From this we can see that in both training and testing data there are atleast 60 variable with more than 50 percentage of the observation and on further we can see in the training data exist a variable classe which is our outcome for this project but its is not in the testing set. Also variable problem exist only in testing data.
Here we create a subset for relevent data according to proportionality of data available and then move a step further to eliminate some variable such as X1 and any variable related to timestamp.
pml_test <- pml_testing[, relevant_vartest]
VarTimestamp <- grep("timestamp", names(pml_test))
ProblemId <- grep("problem_id", names(pml_test))
newWindow<- grep("new_window", names(pml_test))

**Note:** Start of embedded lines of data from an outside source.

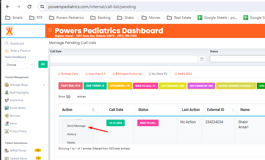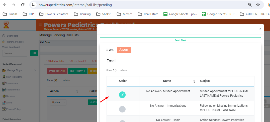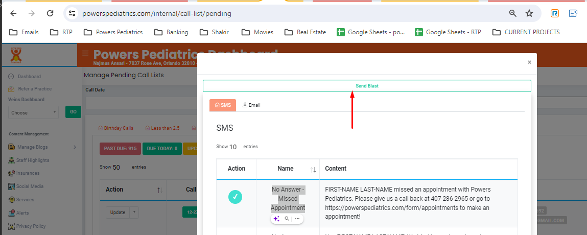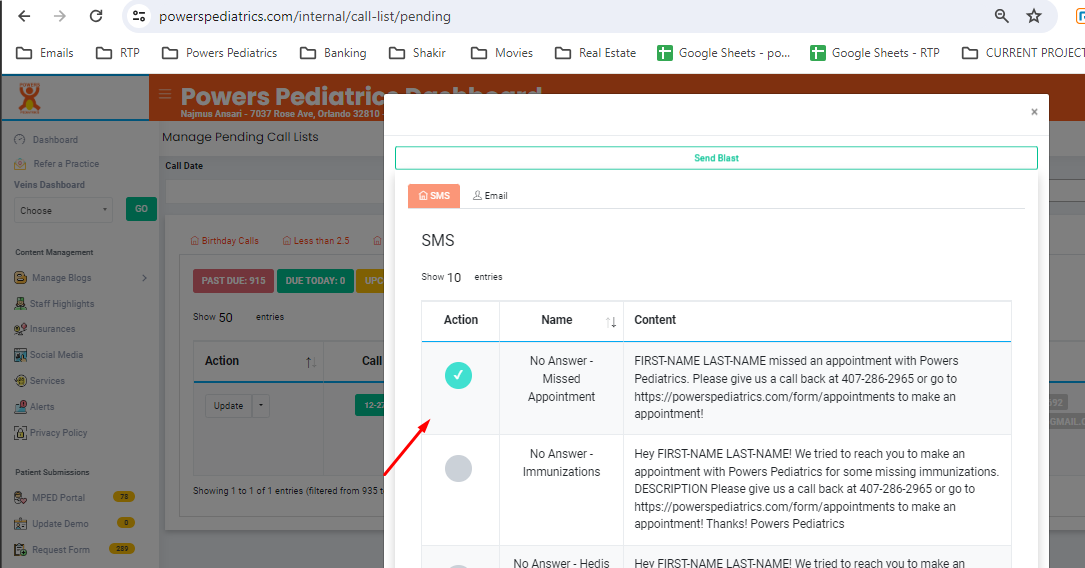 16. Select "No Answer - Missed Appointment" for SMS and Email
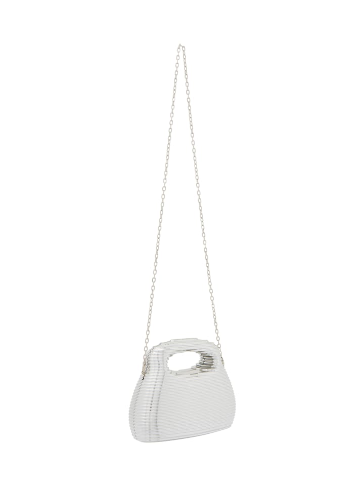 Подчеркните свой стиль с помощью этой скульптурной сумки с простым цветным узором и без деталей. Ее округлый корпус сужается для устойчивости, а встроенная ручка обеспечивает удобный захват. Декоративная застежка добавляет изюминку дизайну. Вместительное внутреннее пространство надежно удерживает предметы первой необходимости, что делает ее идеальной для любого праздничного случая. Дополнительная цепочка повышает универсальность.
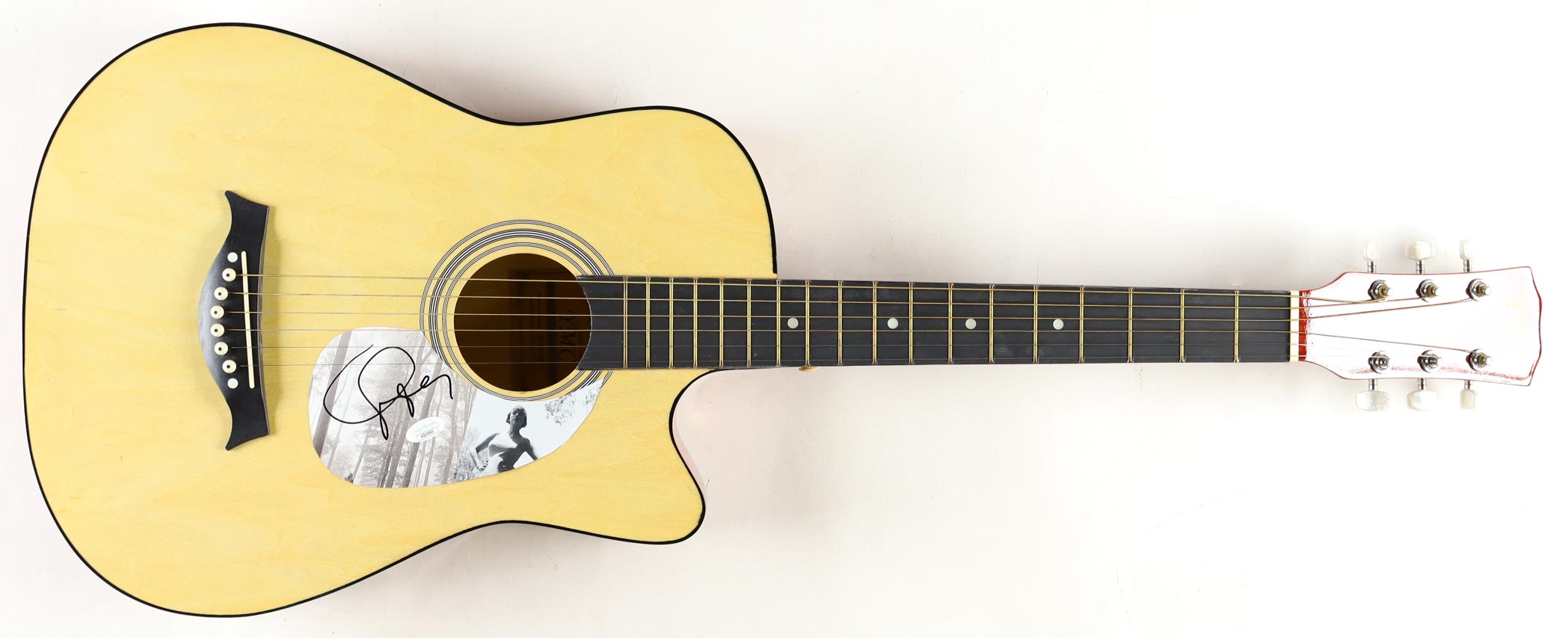 YMC beginner Acoustic guitar measures approximately 38" in length and has been hand-signed on a CD cover that has been repurposed as a pick-guard by Taylor Swift.
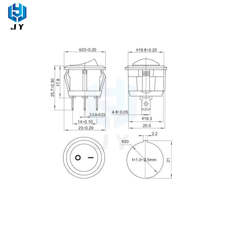 Круглый переключатель лодки 2 файла 2 фута KCD1-105 небольшой источник питания отверстие 20 мм подходит для аудио, беговой дорожки, рисоварки, электрической плиты, диспенсера воды и т. Д.
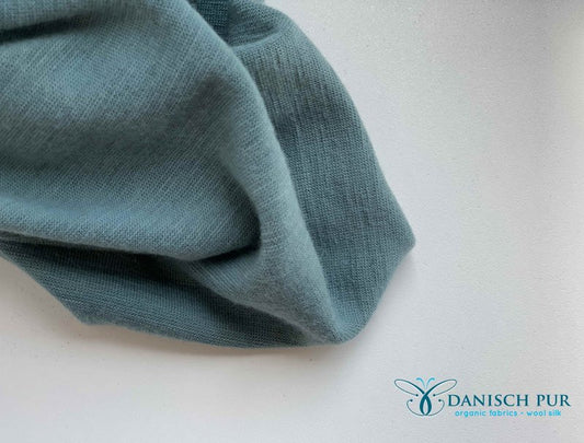 Very fine organic wool ribbing in aquamarine (organic, mulesing-free)
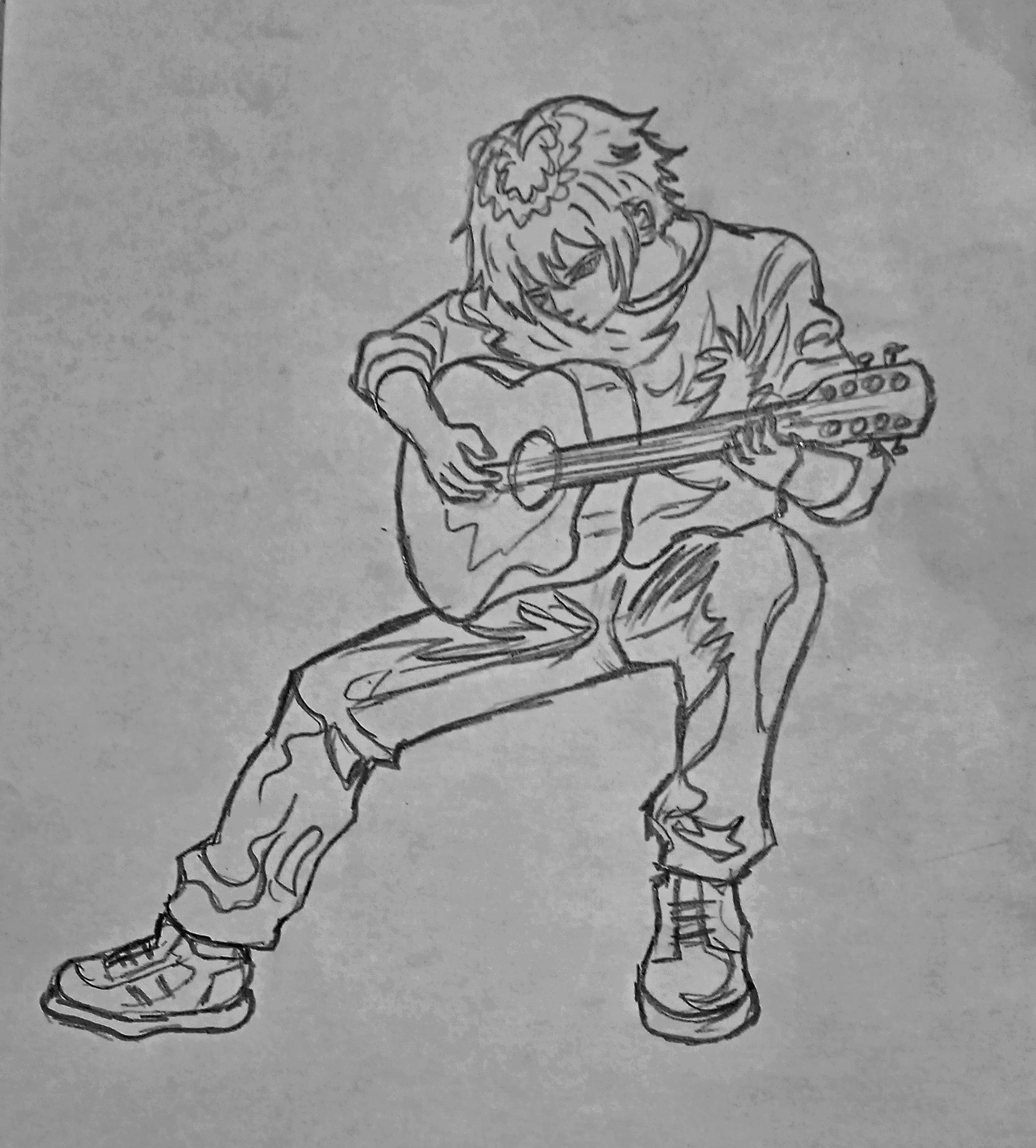 Юки из "Если завтра настанет" Автор: Просто Yoko Ссылка на книгу https://author.today/work/248058Скетч/заливка/портрет иллюстрации для книги, аниме персонаж, парень с гитарой, аниме парень, дождь, нейрохудожник 184 Пожаловаться
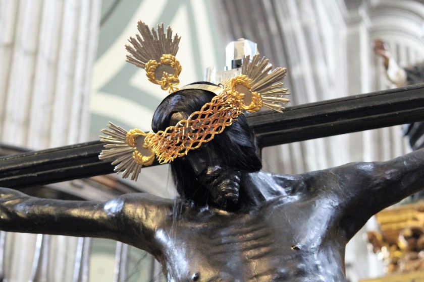Aquella tarde, el sacerdote oficiaba la Santa Misa sin imaginar lo que sucedería. A lo lejos, el asesino observaba detenidamente para asegurarse que se cumpliera su objetivo y al momento en que el clérigo se disponía a besar la imagen, el Cristo encogió sus pies y al instante se tornó de color negro, absorbiendo aquel poderoso veneno y la maldad que había en el corazón de aquel hombre, salvando la vida del sacerdote.
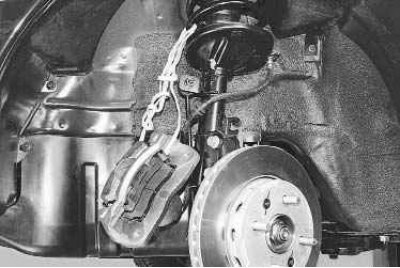 3. Снимите суппорт в сборе (см. «Замена суппорта переднего тормозного механизма»), не отсоединяя тормозной шланг, и закрепите проволокой, не допуская скручивания или натяжения шланга.
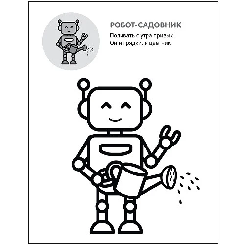 Эта раскраска с наклейками создана специально для самых маленьких художников. В ней малыш найдет 8 симпатичных картинок с толстыми контурами, крупные наклейки-подсказки, которые помогут ему подобрать нужный цвет, а также веселые стихи о роботах, которые могли бы стать нам отличными помощниками в разных делах. Раскрашивая по образцу забавных роботов — повара, садовника и других персонажей, — ребенок весело и с пользой проведет время дома, в гостях, в дороге — где угодно: книжки небольшого формата легко помещаются даже в детский рюкзачок. Занятия с книжками серии «Раскрась по образцу» не только способствуют развитию фантазии, творческих способностей, памяти, внимания и мелкой моторики, но и расширяют кругозор и представления ребенка об окружающем мире.
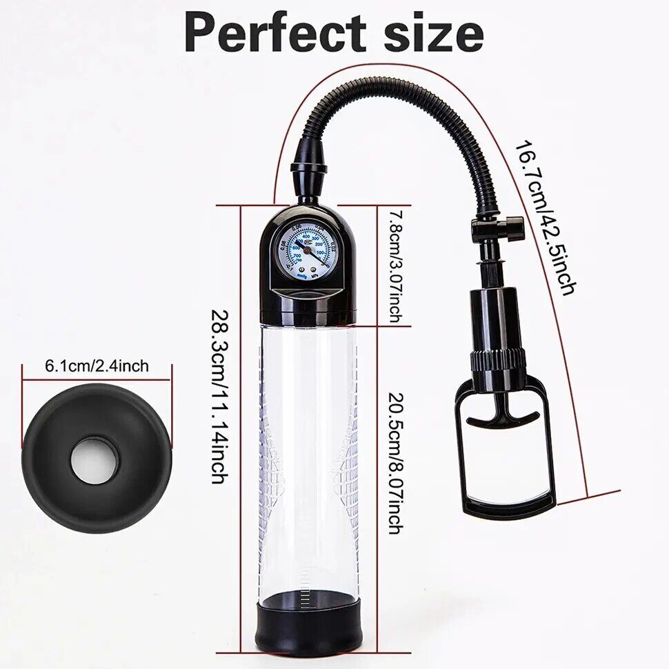 Якщо ви хочете не тільки збільшити пеніс, але й підвищити чутливість і зробити ерекцію більш потужною, рекомендуємо купити вакуумну помпу Men Powerup зі стрілковим манометром і ручним насосом. Це ефективний пристрій, який забезпечує потужний приплив крові до пеніса і, як наслідок, збільшення його розміру і стійку ерекцію. Помпа універсального розміру (колба 20,5×6,1 см), оснащена стрілковим манометром для точного контролю тиску, ручним насосом для простого використання та лінійкою для відстеження прогресу.
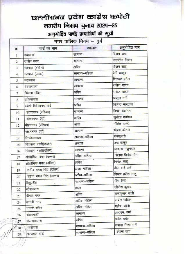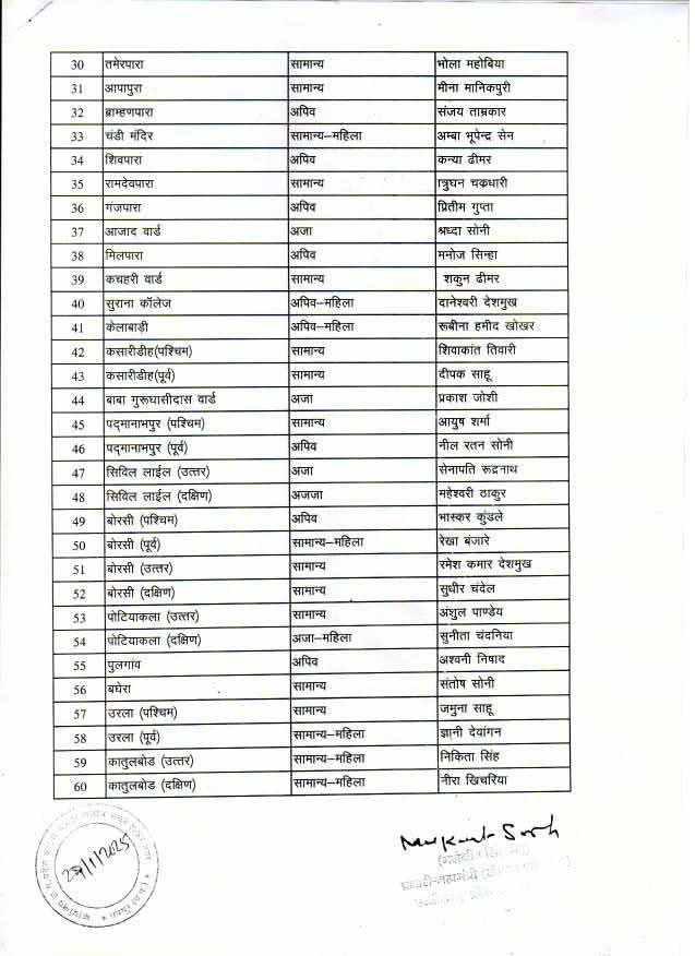 वार्ड क्रमांक 1 से चिराग शर्मा, वार्ड क्रमांक 2 धनवनतीं निषाद, वार्ड क्रमांक 3 विजय साहू, वार्ड क्रमांक 4 प्रेमी ठाकुर, वार्ड क्रमांक 5 विजयंत पटेल, वार्ड क्रमांक 6 राजेश यादव, वार्ड क्रमांक 7 सरोज यादव, वार्ड क्रमांक 8 अब्दुल गनी, वार्ड क्रमांक 9 विजेंद्र भारद्वाज, वार्ड क्रमांक 10 दीपेश देवांगन, वार्ड क्रमांक 11 सुनीता देवांगन, वार्ड क्रमांक 12 मोहित वालदे, वार्ड क्रमांक 13 संजय कोहले, वार्ड क्रमांक 14 रामकुमारी, वार्ड क्रमांक 15 उषा ठाकुर, वार्ड क्रमांक 16 आकाश मजूमदार, वार्ड क्रमांक 17 श्यामा विनोद सेन, वार्ड क्रमांक 18 निर्मला साहू, वार्ड क्रमांक 19 हीरा बाई रात्रे, वार्ड क्रमांक 20 किरण हरीश साहू, वार्ड क्रमांक 21 मीरा सिंह, वार्ड क्रमांक 22 लोकेश कुमार, वार्ड क्रमांक 23 राजकुमार पाली, वार्ड क्रमांक 24 पायल पाटिल, वार्ड क्रमांक 25 मनीषा सोनी, वार्ड क्रमांक 26 आर एन वर्मा, वार्ड क्रमांक 27 मनीष बघेल, वार्ड क्रमांक 28 सबाना निशा रानी, वार्ड क्रमांक 29 श्यामा साव, वार्ड क्रमांक 30 भोला महोबिया, वार्ड क्रमांक 31 मीना मानिकपुरी, वार्ड क्रमांक 32 संजय ताम्रकार, वार्ड क्रमांक 33 अम्बा भूपेंद्र सेन, वार्ड क्रमांक 34 कन्या ढीमर, वार्ड क्रमांक 35 शत्रुघन तिवारी, वार्ड क्रमांक 37 श्रद्धा सोनी, वार्ड क्रमांक 38 मनोज सिन्हा, वार्ड क्रमांक 39 शकुन ढीमर, वार्ड क्रमांक 40 दानेश्वरी देशमुख, वार्ड क्रमांक 41 रुबीना हामिद खोखर, वार्ड क्रमांक 42 शिवाकांत तिवारी, वार्ड क्रमांक 43 दीपक साहू, वार्ड क्रमांक 44 प्रकाश जोशी, वार्ड क्रमांक 45 राजेश शर्मा, वार्ड क्रमांक 46 नील रतन सोनी, वार्ड क्रमांक 47 सेनापति रुद्र नाथ, वार्ड क्रमांक 48 माहेश्वरी ठाकुर, वार्ड क्रमांक 49 भास्कर कुण्डले, वार्ड क्रमांक 50 रेखा बंजारे, वार्ड क्रमांक 51 रमेश कुमार देशमुख, वार्ड क्रमांक 52 सुधीर चंदेल, वार्ड क्रमांक 53 अंशुल पांडेय, वार्ड क्रमांक 54 सुनीता चंदनिया, वार्ड क्रमांक 55 अश्वनी निषाद, वार्ड क्रमांक 56 ललित ढीमर, वार्ड क्रमांक 57 जमुना साहू, वार्ड क्रमांक 58 ज्ञानी देवांगन, वार्ड क्रमांक 59 निकिता सिंह व वार्ड क्रमांक 60 से नीरा खिचरिया को टिकट दिया गया है।

pml_test <- pml_test[, -c(1, VarTimestamp, newWindow, ProblemId)]
pml_train <- pml_training[, relevant_var]
VarTimestamp <- grep("timestamp", names(pml_train))
newWindow<- grep("new_window", names(pml_train))
pml_train <- pml_train[, -c(1, VarTimestamp, newWindow)]
# for efficient of training our model we eliminate observations that consist of any missing Data(NA)
row_has_NA <- apply(pml_train, 1, function(x){any(is.na(x))})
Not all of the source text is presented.